18 new cases were reported in the region today: 9 each in New Brunswick and Nova Scotia.
17/18 were traced at the time of reporting.
There are now 195 known, active cases in Atlantic Canada.
PEI didn't update their numbers today, leaving them with 13 known, active cases.
NL likewise didn't update their numbers today due to the holiday.
There are 4 known, active cases in NL.
NB reported 9 new cases, all in the Edmundston region.
Of these, 8 were close contacts of existing cases and 1 is still under investigation.
There are now 147 known, active cases in NB.
Updated case levels/restrictions map, and health region level timeline for NB with Edmundston emphasized.
Things continuing to improve (gradually!) in the Edmundston region. Fingers crossed.
NS reported 9 new cases today: 5 in the Western zone and 4 in the Halifax area. All were related to travel.
The 5 in the Western zone appear to be a group of international travelers entering together, explaining the uptick.
There are now 31 known, active cases in NS.
Here is the updated pandemic timeline for the Atlantic region and surrounding areas.
That one group of travelers today was enough to (barely) tick the NS Western zone to being visible on the map.
That 0.5 per 100k pop cutoff is unforgiving.
Provincial and Territorial Vaccine Roll-Out
Top of the ribbon is doses distributed, bottom is doses administered.
The higher the ribbon goes, the more people are being vaccinated. The wider it gets, the more doses sit unused.
National ribbon outlined in black.
Vaccine Roll-Out Metrics
1st graph is percent of distributed doses that have been used.
2nd graph shows how many days since each province had enough doses to cover their current usage.
3rd graph shows percent of eligible population that is newly vaccinated each day.

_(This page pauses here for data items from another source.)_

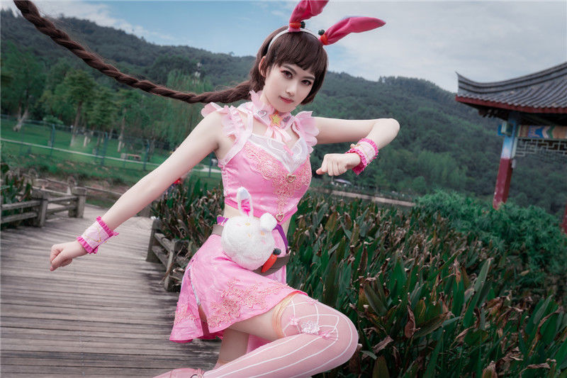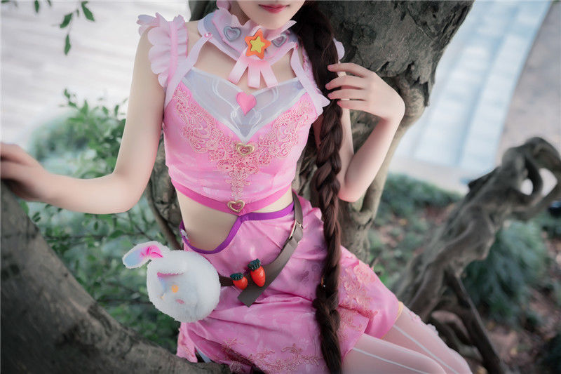 小舞服装有露腰的特点,但不是全部露在外面,而是挡住肚脐,只露出腰部左右两边。经过一些阻挡,它变得更有吸引力,但这也需要高水平的coser这个可爱的小妹妹一点也不害怕。当她展示她的腰部时,她展示她的腰部。腰部毛绒绒的小兔子包也是一个装饰品,可爱的小舞蹈形象出现了。
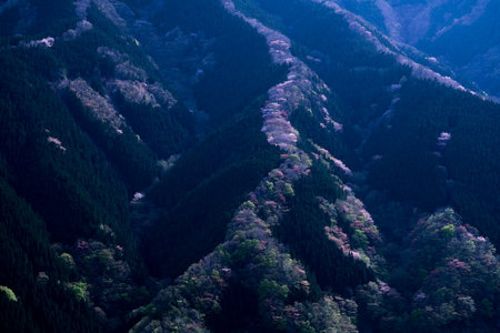 Cherry blossoms in full bloom in the mountains and forest landscape
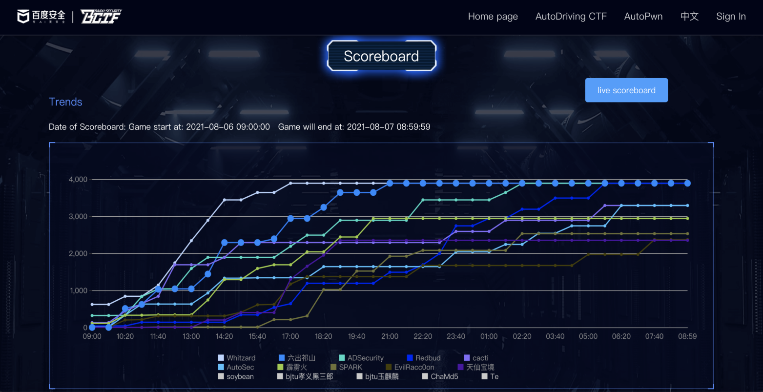 图2. DEF CON 29 Contest AutoDriving CTF大赛解题得分TOP10
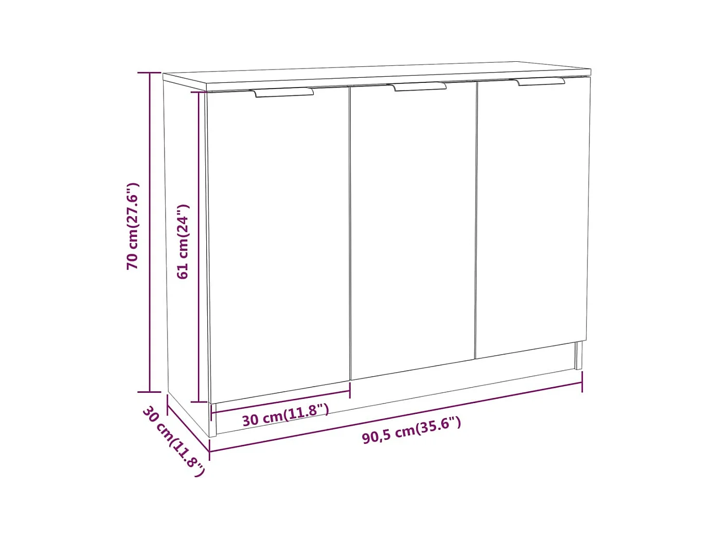 Dressoirs 3 st bewerkt hout sonoma eiken
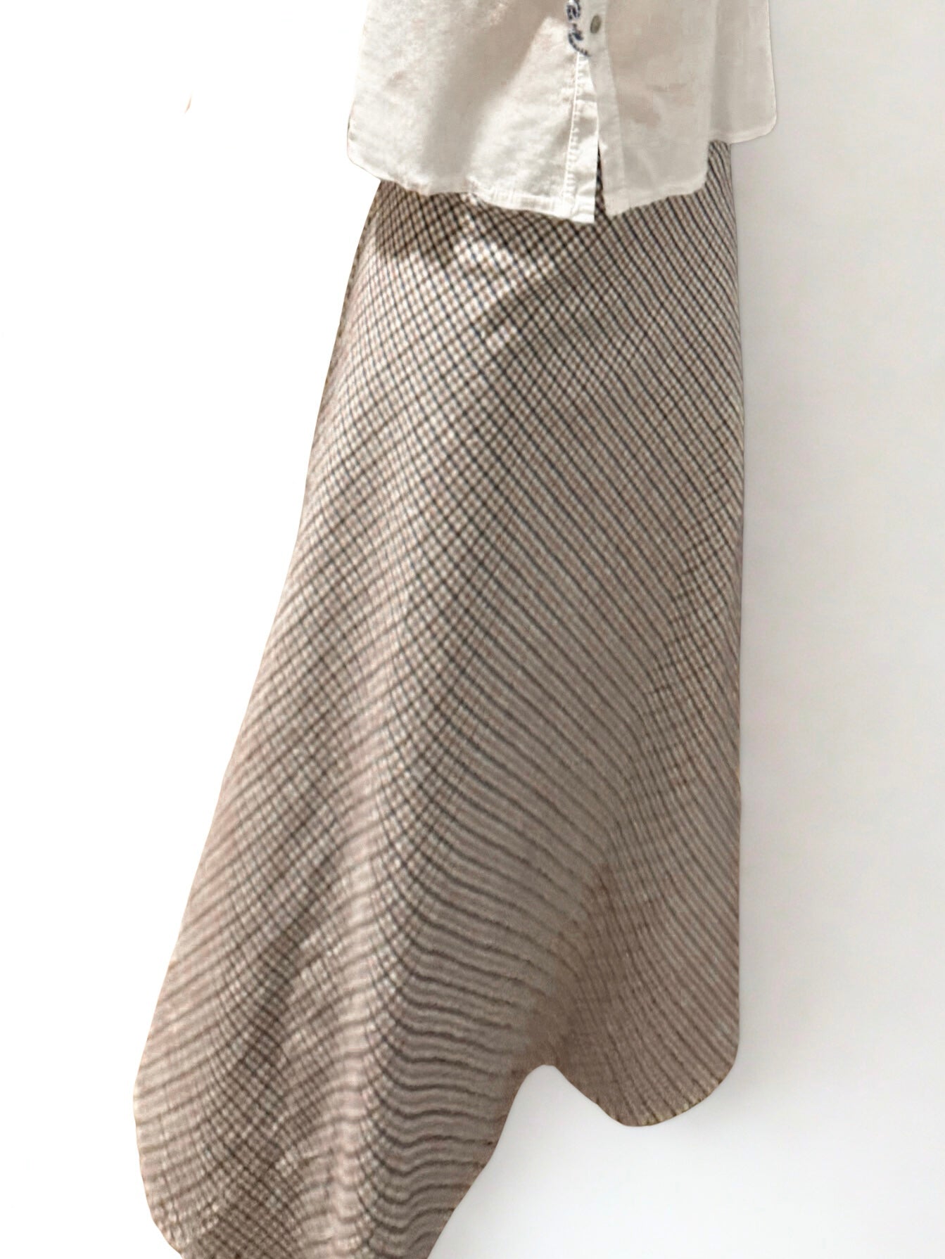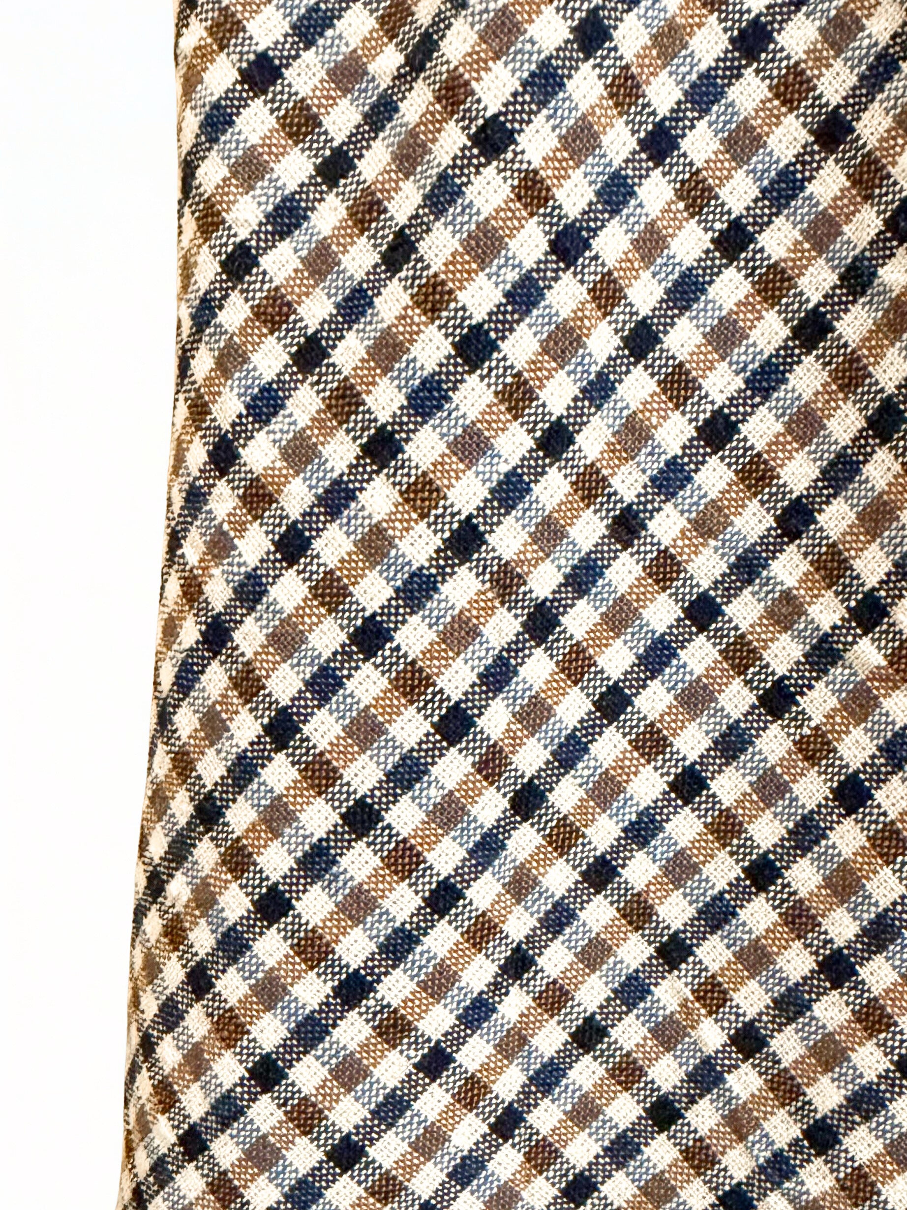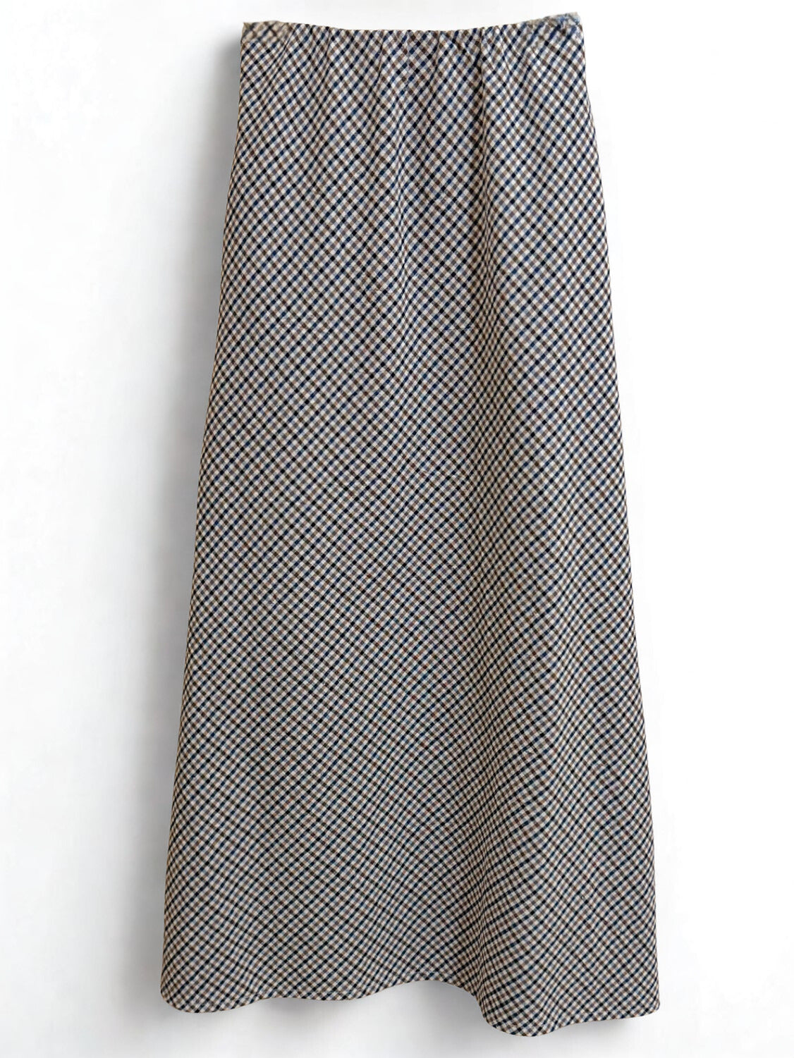 Falda con estampado de cuadritos en tonos crudo, azul y marrón, forma evasé. Goma en la cintura.
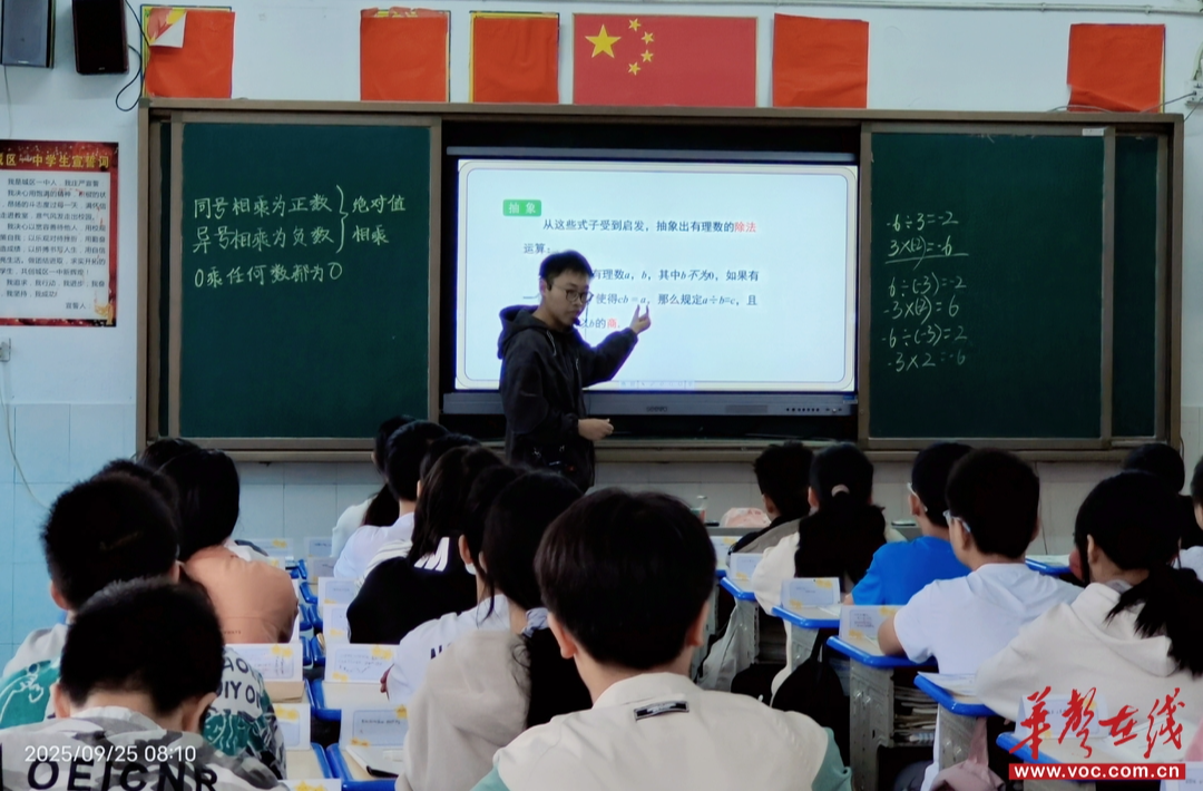 新教师依次登台,呈现出一节节精彩纷呈的汇报课:文科组赵锦亚老师与418班同学共赏《再塑生命的人》,细腻诠释文字的温度;马雪娟老师在421班讲授《陈太丘与友期行》,引领学生感悟古人的诚信智慧;周戴蓉老师则在395班的英语课堂上,用巧妙的教学设计,让英语知识生动“活”起来……理科组黄细成老师在395班讲解《相似图形》,将抽象的几何概念变得直观易懂;王献文老师在416班执教《有理数的除法》,以清晰的逻辑帮助学生构建知识体系……综合组张静老师在420班解析《家的意味》,以温情视角引导学生体悟亲情;刘思思老师在421班讲授《地球的自转》,用趣味实验让地理知识“转动”起来……每一堂课都凝聚着新教师的思考与探索,也见证了他们从初登讲台到自信执教的成长轨迹。

NL continues its efforts to make my vaccine graphs unreadable.
This animation shows each province's vaccination pace as a percent of the pace they need to each 80% first dose coverage by the end of June (based on how many they have already vaccinated and how much time is left).
Older data becomes less visible over time.
Here is the percent of the eligible population that has received at least one dose (2nd graph shows the Territories).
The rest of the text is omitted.